Saturday, 21 January 2017

A quote from The Manchurian Candidate

This is probably (I hope anyway) the last time I am going to blog about American politics, real and imagined, for a while. Out of masochism or for cathartic reasons, I am reading at the moment The Manchurian Candidate. You probably know (like me) one of the two films that have been made out of the novel. I have seen both, the first one is by far the best and a true classic (in fact the second one is pretty rubbish in comparison). Anyway, I try not to label any work of fiction prophetic, as it often a stupid and inaccurate label: writers are not prophet neither do they tend to be. But there are things in there that are borderline identical to what we are seeing right now in the US. And among the many quotes that have been haunting me since I started reading, this one struck a chord:

"Johnny was doing great. From a semi-hangdog country governor, Raymond's mother said, utterly unknown outside domestic politics on a state level in 1956, he had transformed himself into a global figure in 1957. He had a lot going for him beyond Raymond's mother. His very looks: that meaty nose, the nearly total absence of forehead, the perpetual unshavenness, the piggish eyes, red from being dipped in bourbon, the sickeningly monotonous voice, whining and grating-all of it together made of Johnny one of the greatest demagogues in American history, even if, as Raymond's mother often said to friends, he was essential a lighthearted and unserious one. Nonetheless, her Johnny had become the only American in the country's history of political villains, studding folk song and story, to inspire concomitant fear and hatred in foreigners, resident in their native countries. he blew his nose in the Constitution, he thumbed his nose at the party system or any version of governmental chain of command. He personally charted the zigs and zags of  American foreign policy at a time when the American foreign policy was a monstrously heavy weight upon world history. To the people of Iceland, Peru, France, and Pitcairn Island the label of Iselism stood for anything and everything that was dirty, backward, ignorant, repressive, offensive, antiprogressive, or rotten, and all of those adjectives must ultimately be seen as sincere tributes to any demagogues of any country on any planet."
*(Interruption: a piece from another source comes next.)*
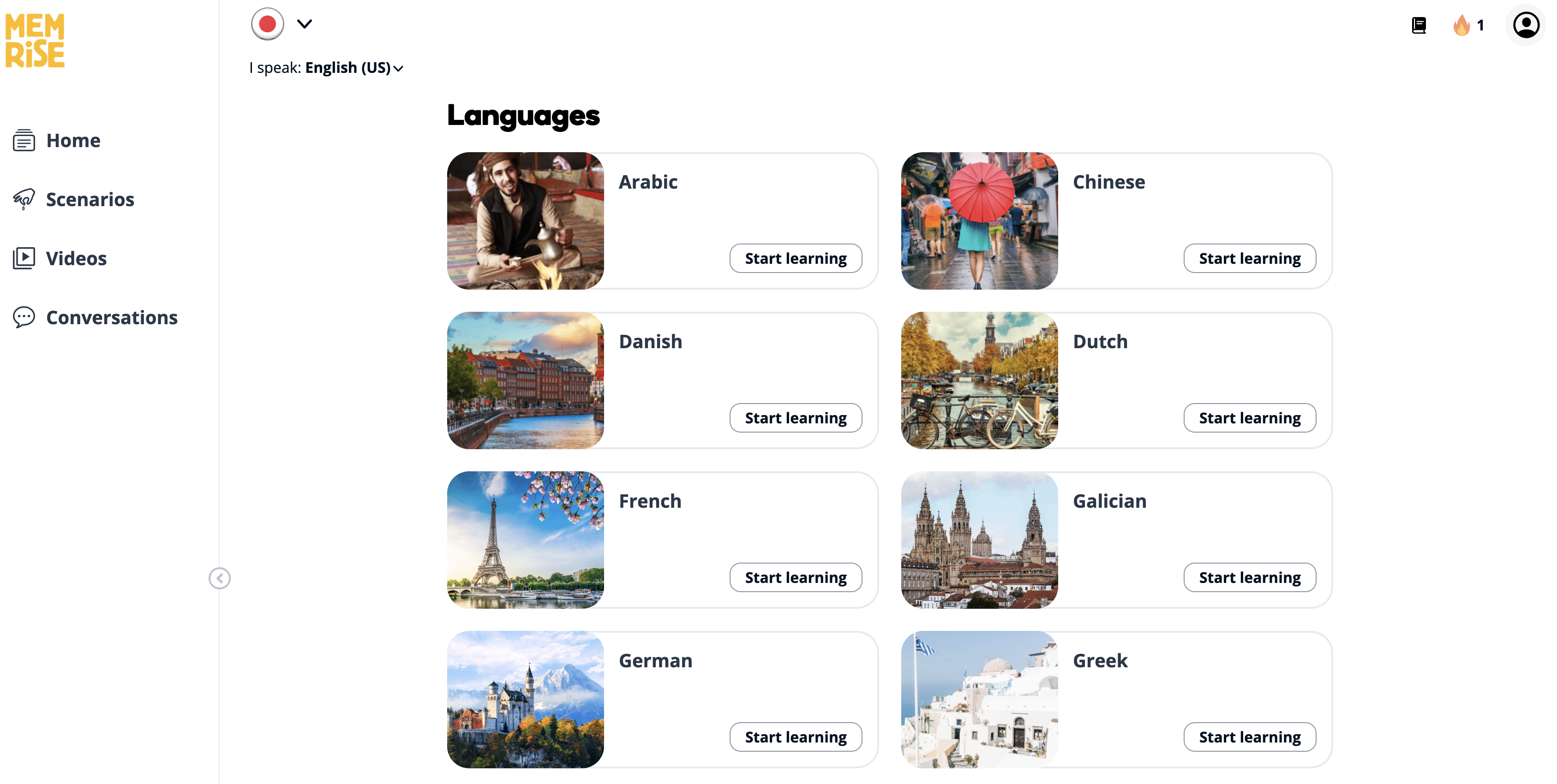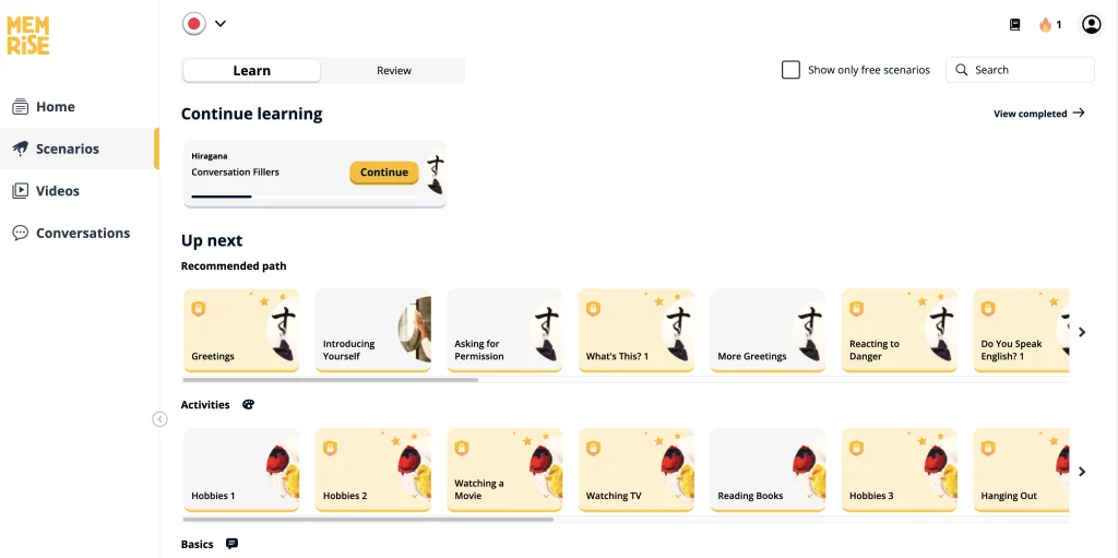 Now, Memrise language courses don’t really go by levels. Instead, they’re broken down into “Scenarios.” Each scenario includes hundreds of vocabulary lists, videos, and conversations. There are two tabs in each course: Learn and Review. Memrise gives you a recommended path, but you can also choose which vocabulary lists or scenarios you want to study.

Does it remind you of anyone? Last time they visited us, the Ticklers saw the book and told me reproachfully(as they don't want Wolfie to hear scary stories) that it looked like a scary book. They have no idea how right they are. It is absolutely chilling.

1 comment:

Debra She Who Seeks said...

It's like Condon had a crystal ball! LOVE the first movie, by the way. Never bothered to watch the second.